Need clarification on what IDE hard drive size—2.5 inch versus 3.5 inch—actually means

The size of an internal-bay device is given by two figures: the "size", or form factor (usually 2.5", 3.5" or 5.25", but occasionally other values), and the height.

Wikipedia has a list of hard disk drive form factors. According to that table a 3.5" HDD is 146 mm long by 101.6 mm wide, or just under 5 3/4 inches by exactly 4 inches, and may be either 19 or 25.4 mm (just under 3/4 inches, or exactly 1 inch) high. Your HDD matches this and thus is said to be a "3.5-inch form factor" drive, or just 3.5" for short. As you can see, there is no direct relationship to any external measurement.

This is largely because the 3.5" and 5.25" form factor names trace their lineage back to the floppy disk sizes that were used with drives that had the specific form factor. For example, 3.5" floppy disks were 90 mm (about 3.54 inches) wide and were normally used in what came to be referred to as 3.5" form factor drives, which thus had to be slightly wider than 90 mm to safely and properly accomodate the media.

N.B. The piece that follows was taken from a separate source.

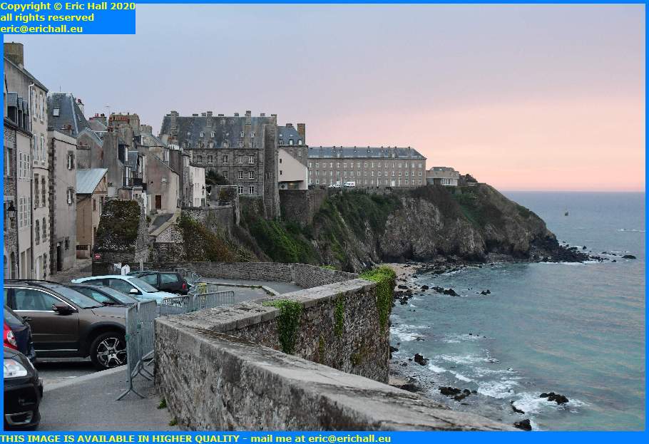 Down the steps from here to the viewpoint overlooking the Place Marechal Foch. The tide was was still an hour or two from being right in and with the sea having calmed down from how it has been over the last couple of days, there was nothing in the way of waves breaking onto the sea wall of the Plat Gousset.

As for height, you commonly see half-height and approximately-quarter-height devices these days. A standard optical drive for mounting in a desktop computer is most often "half height", and this is generally the tallest single bay that modern computer cases allow for. Quarter height would be 20.6 mm high, which is slightly more than the slimmer 3.5" form factor. These terms compare to the original IBM PC floppy disk drive (here is an image of such a PC with two floppy disk drives), which was a "full height" device. Compare Wikipedia's article Drive bay and particularly this comparative image of different drive bay sizes. 2.5" drives are commonly much thinner than quarter height, and their heights are often just given in exact measurements instead. For example, the Intel 530 SSD is described by my online retailer of choice as a 2.5" form factor SATA device with the dimensions width 100.45 mm, height 7 mm and depth 69.85 mm. 2.5 inches is 63.5 mm; again, there is no direct relationship to any external measurement.


The important part here is really that desktop hard drives used a 40 pin connector with a 4 pin molex power supply connector. Laptops used 44 pins - which includes power.

A laptop PATA -> USB adaptor typically is self powered, or powered by a Y shaped USB connector with 2 USB A connectors for power

A desktop PATA -> USB adaptor typically has its own power supply and greater power needs.

Use the adaptor that matches the connector on your drive, rather than looking at the physical size.


The IDE connector is the same on 3.5" and 5.25" IDE hard disks, so as long as your USB adapter includes means to power the drive (it should, as 3.5" drives also require power separate from the IDE connector) it can be used to read both sizes.

The 2.5" connector is different, and includes a power connection to run the smaller laptop type drives.